Andere verlassen ihre Heimat aus ökonomischen Gründen: In der vollkommen technisierten Landwirtschaft werden fast keine Arbeitskräfte gebraucht. Die Evangelische Kirche am La Plata ist geprägt von ihren ländlichen Gemeinden, die von der Landwirtschaft leben. „Das wird aber immer schwieriger, wenn die großen Agrarkonzerne ihre Soja- und Maisproduktion ausweiten“, sagt Nicolás Rosenthal. „Wovon sollen die Familien denn leben? Auch die Diversität in der Landwirtschaft geht verloren. Es gibt nicht mehr genügend Flächen für Viehwirtschaft und für den Anbau anderer Pflanzenkulturen.“

Die IERP beschäftigt sich vermehrt mit diesen Fragen, weil sie unmittelbar die Gemeinden betreffen. Das Dilemma: Es gibt in der IERP auch Gemeinden, vor allem in Paraguay, die von der intensiven Landwirtschaft leben und in dieser Form der Landwirtschaft schwerlich einen Nachteil für sich sehen.

Seelsorglicher Ansatz

Dass die Vielfalt der Landwirtschaft verloren geht, dass bestimmte Produkte auf einmal nicht mehr hergestellt werden und importiert werden müssen, dass Dörfer und Kleinstädte langsam sterben und damit auch Kirchengemeinden verschwinden, dass Krankheiten durch den Einsatz von Spritzmitteln auftreten – die Einsicht in diese Zusammenhänge braucht Zeit und einen Wandel in den Köpfen.

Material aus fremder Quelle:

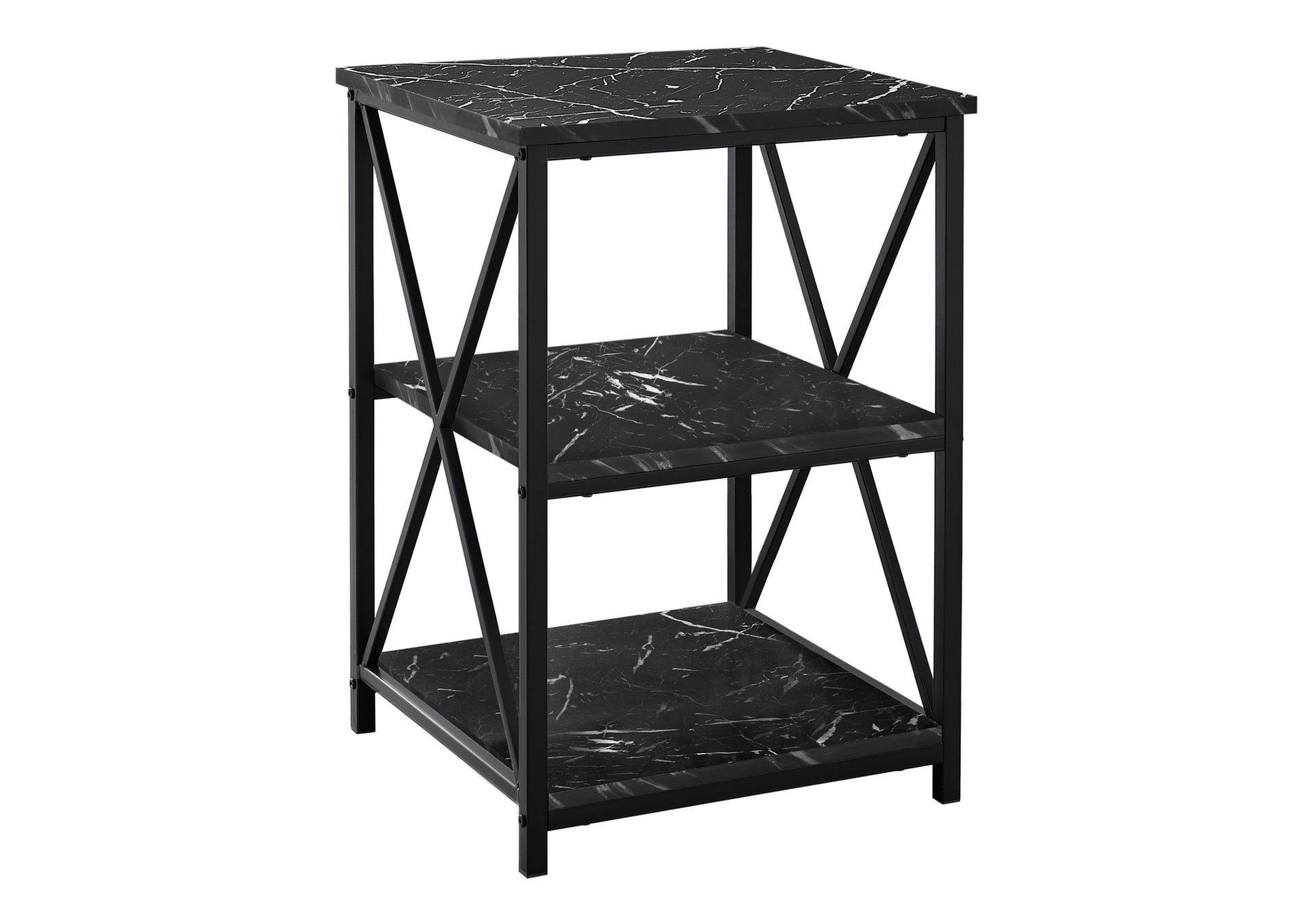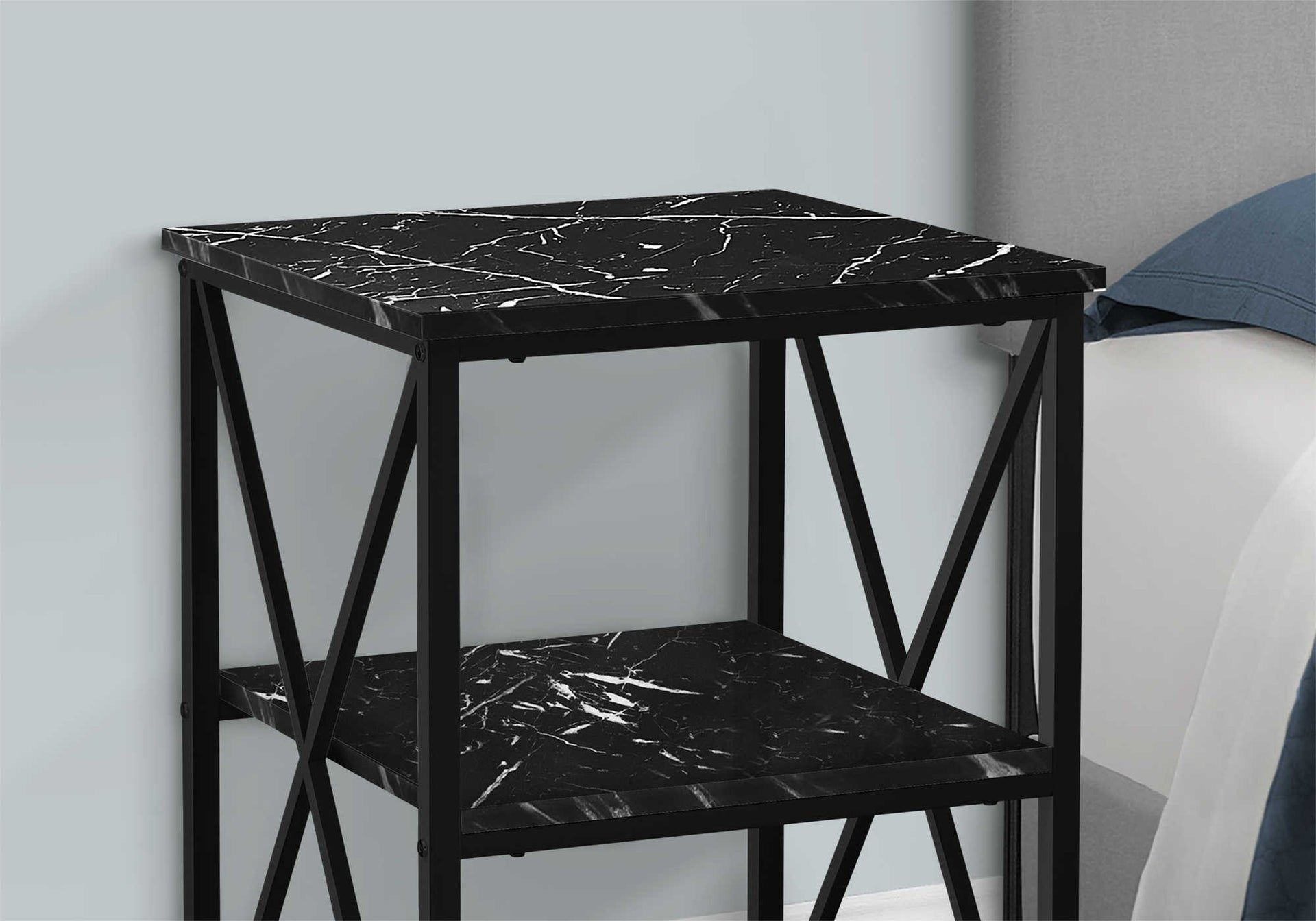 NIGHTSTAND - 26"H / BLACK MARBLE / BLACK METAL
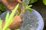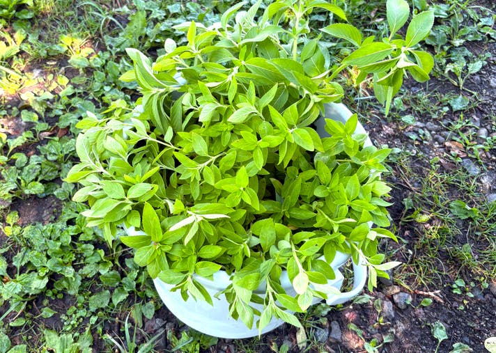 ハーブは摘んだ瞬間から「発酵」が始まり、しなってきます。これを緩和させるために摘んだ和ハッカをすぐに水を張ったバケツに入れます。

Die Kirche möchte mit den Bauern, die auf umweltschädliche Monokulturen setzen, ins Gespräch kommen. Möglichst nicht von oben herab, sondern auf Augenhöhe. Vor zwei Jahren initiierte die Diakonie dazu ein Projekt mit dem Titel „Seelsorge zur Bewahrung der Schöpfung“. Doch wird die Augenhöhe von den Adressaten auch so empfunden? Bei den Gemeindegliedern auf dem Land gibt es Widerstände, sich von denen „aus der Stadt“, die wenig Ahnung von Landwirtschaft haben, etwas sagen zu lassen.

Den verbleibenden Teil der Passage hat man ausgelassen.